The CYP27A1 gene encodes sterol 27-hydroxylase, an enzyme that is part of the bile acid biosynthesis pathway, specifically involved in the metabolism of cholesterol and bile acids. CYP27A1 was first reported in relation to autosomal recessive cerebrotendinous xanthomatosis (CTX) in 1991 (Cali et al. PMID: 2019602). CTX is a lipid storage disease clinically characterized by diarrhea in infancy, cataracts onset in childhood, tendon xanthomas appearing in adolescence or early adulthood, and adult-onset progressive neurologic dysfunction (psychiatric symptoms, dementia, pyramidal and/or cerebellar signs, dystonia, atypical parkinsonism, peripheral neuropathy, and seizures). Brain MRI findings include white matter signal abnormalities, diffuse brain and cerebellar atrophy, and bilateral hyperintensity of the dentate nuclei. CTX is biochemically characterized by severely reduced levels of chenodeoxycholic acid (CDCA), accumulation of cholesterol and cholestanol in tissues, and increased excretion of bile acids in urine. Per criteria outlined by the ClinGen Lumping and Splitting Working Group, we found no difference in molecular mechanism, inheritance pattern, or phenotypic variability. Therefore, the single disease entity has been maintained: cerebrotendinous xanthomatosis (OMIM#606530).

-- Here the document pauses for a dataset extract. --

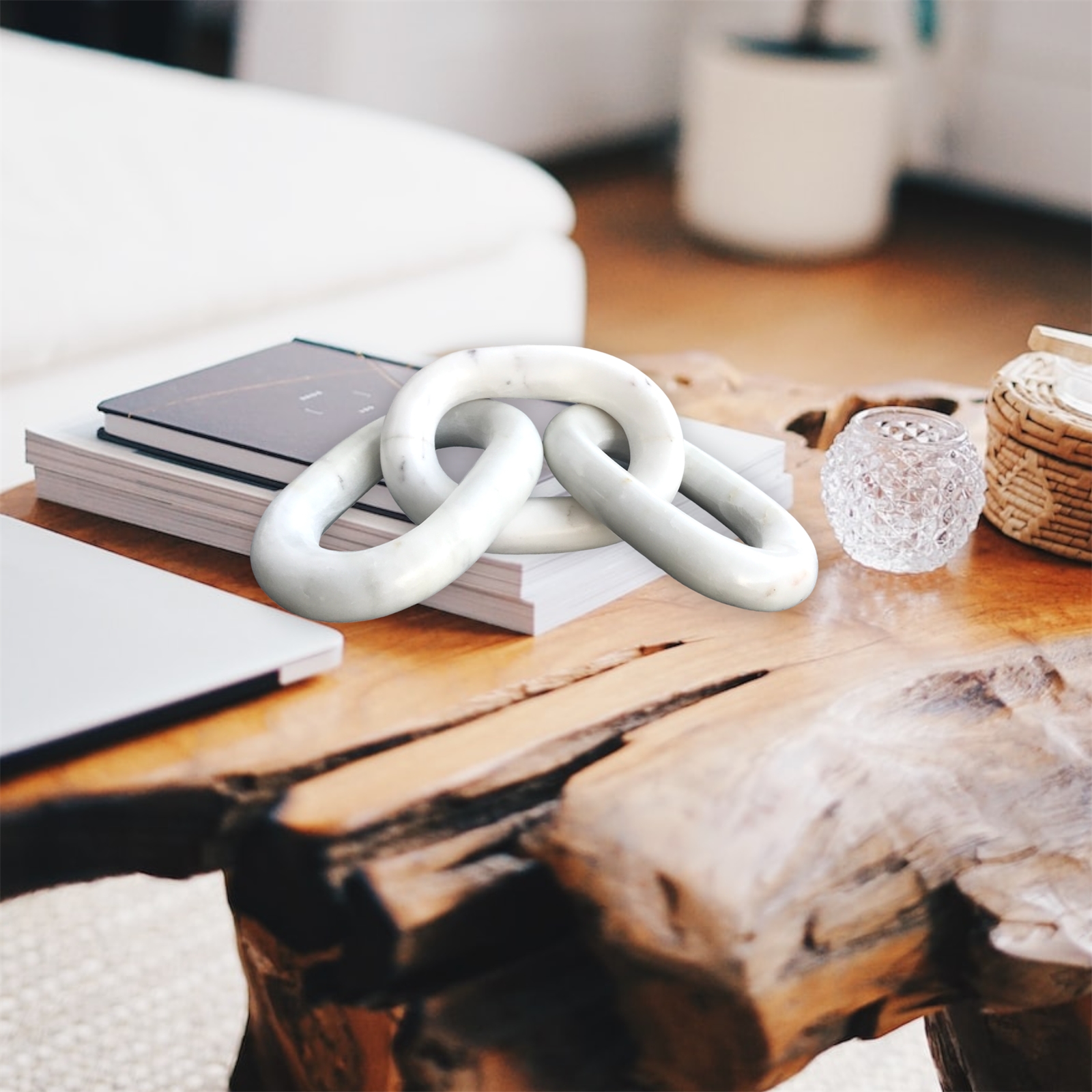 White Marble Triple Oval Link Chain Décor is an exquisite piece of home décor that has taken the market by storm. This elegant piece of artwork is quarried and hand-crafted in India using high-quality White marble. The artisans pay great attention to detail in order to create a flawless product that exudes luxury and sophistication.

This curation included one missense, three frameshift, one nonsense, and three splice variants reported in eight probands across five publications (PMIDs:7977352, 33400472, 7860076, 31706903, 26937392). More evidence is available in the literature, but the maximum score for genetic evidence (12 pts.) has been reached. This gene-disease relationship is also supported by biochemical function evidence (PMID: 16816916). In summary, there is definitive evidence supporting the relationship between CYP27A1 and autosomal recessive cerebrotendinous xanthomatosis. This has been repeatedly demonstrated in both the research and clinical diagnostic settings, and has been upheld over time. This classification was approved by the ClinGen Leukodystrophy and Leukoencephalopathy GCEP on the meeting date: September 23, 2024 SOP Version #11.

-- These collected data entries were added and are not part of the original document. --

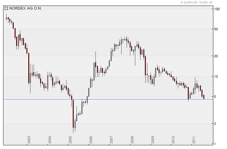 Ab da ging ers permanent runter! Also ist die Frage wer denn da als instutionelle Investoren so viele Aktien von Nordex zu 8,40 zeichnen wollte und warum!
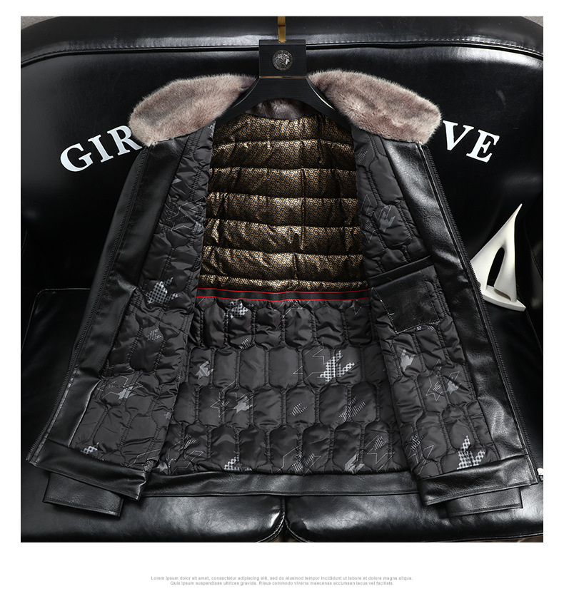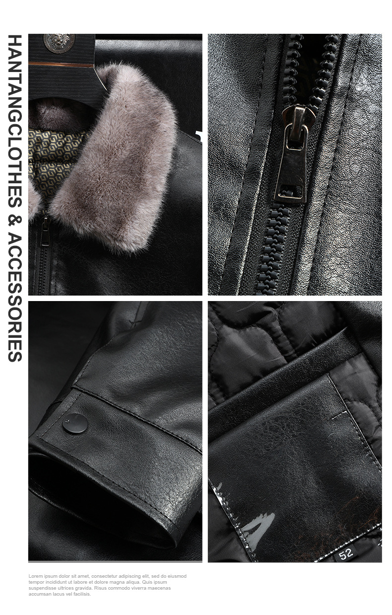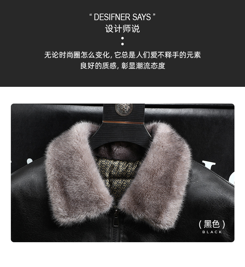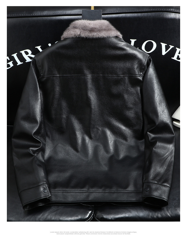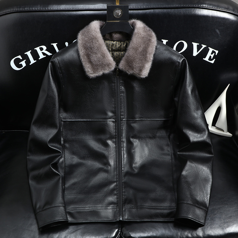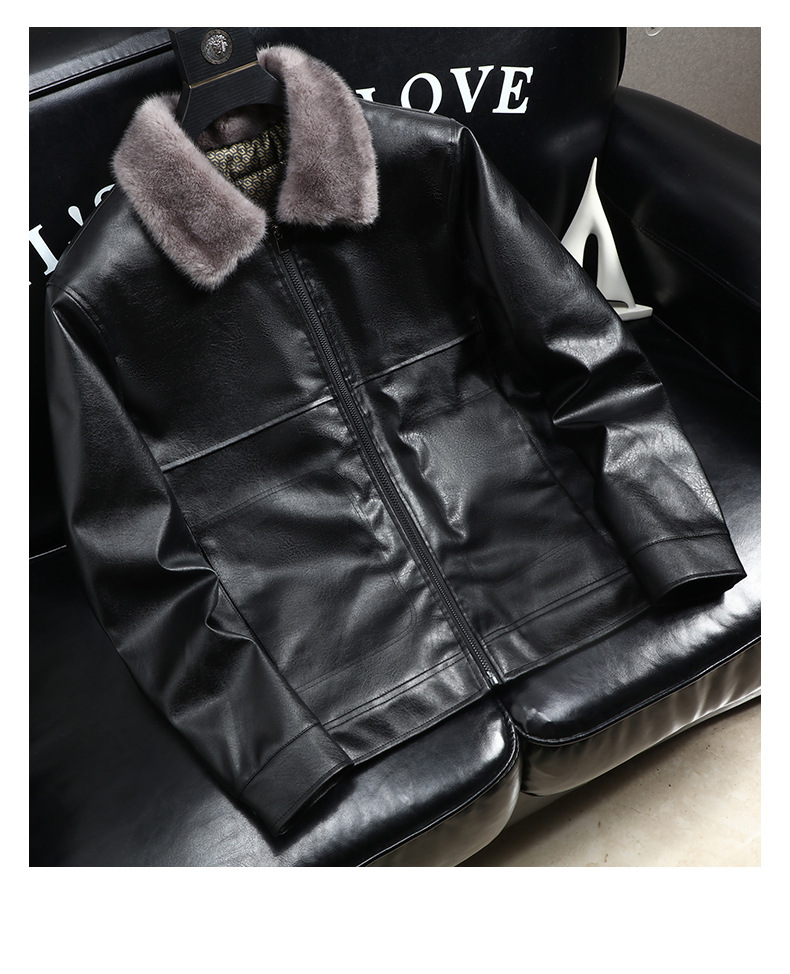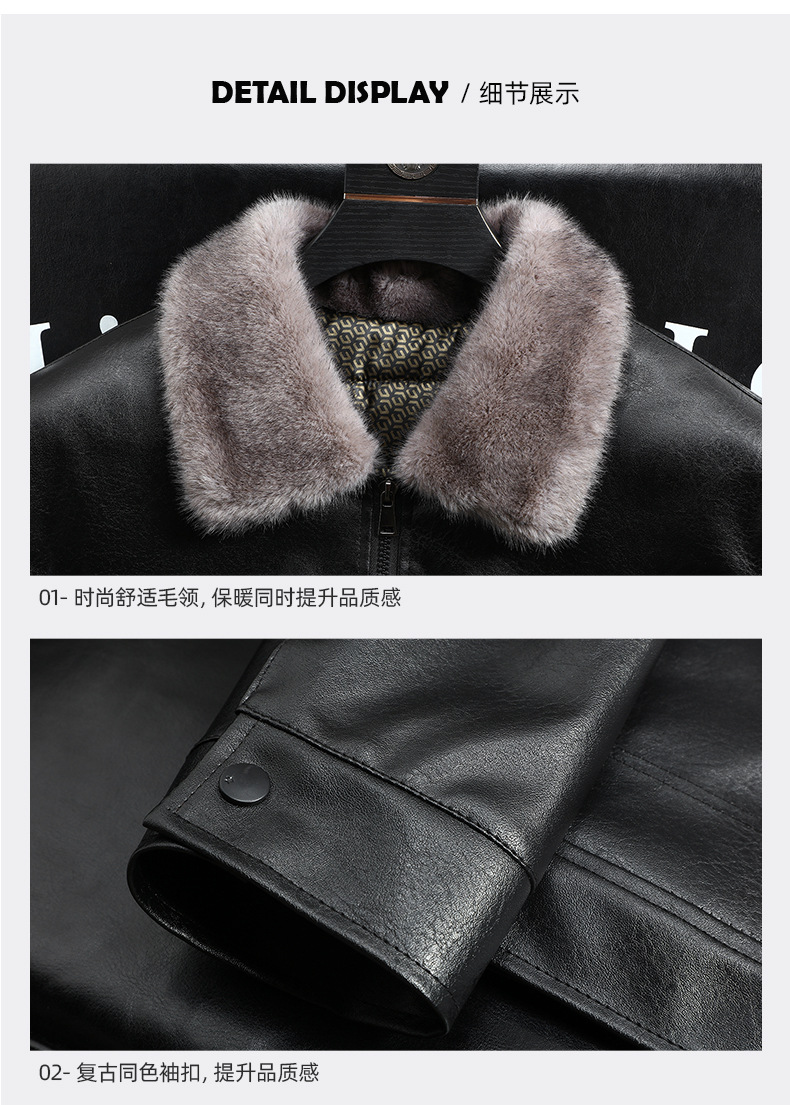 2025년 신형 모피 칼라 지퍼 남성 가죽 재킷 블랙 골드 그래핀 낙타털 안감 중년 및 노년층용 보온 코트스토어 가기
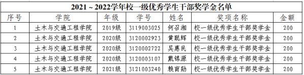 2021-2022学年度学生奖学金拟获奖名单如下,现予以公示:
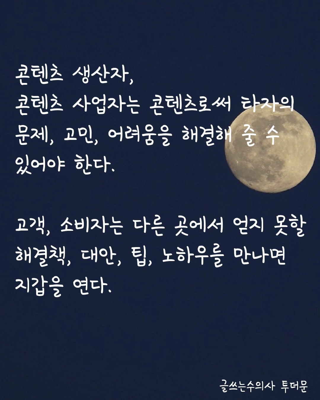 콘텐츠 사업자는 콘텐츠로써 타자의 문제, 고민, 어려움을 해결해 줄 수 있어야 한다.

The GenCC data are available free of restriction under a CC0 1.0 Universal (CC0 1.0) Public Domain Dedication. The GenCC requests that you give attribution to GenCC and the contributing sources whenever possible and appropriate. The accepted Flagship manuscript is now available from Genetics in Medicine (https://www.gimjournal.org/article/S1098-3600(22)00746-8/fulltext).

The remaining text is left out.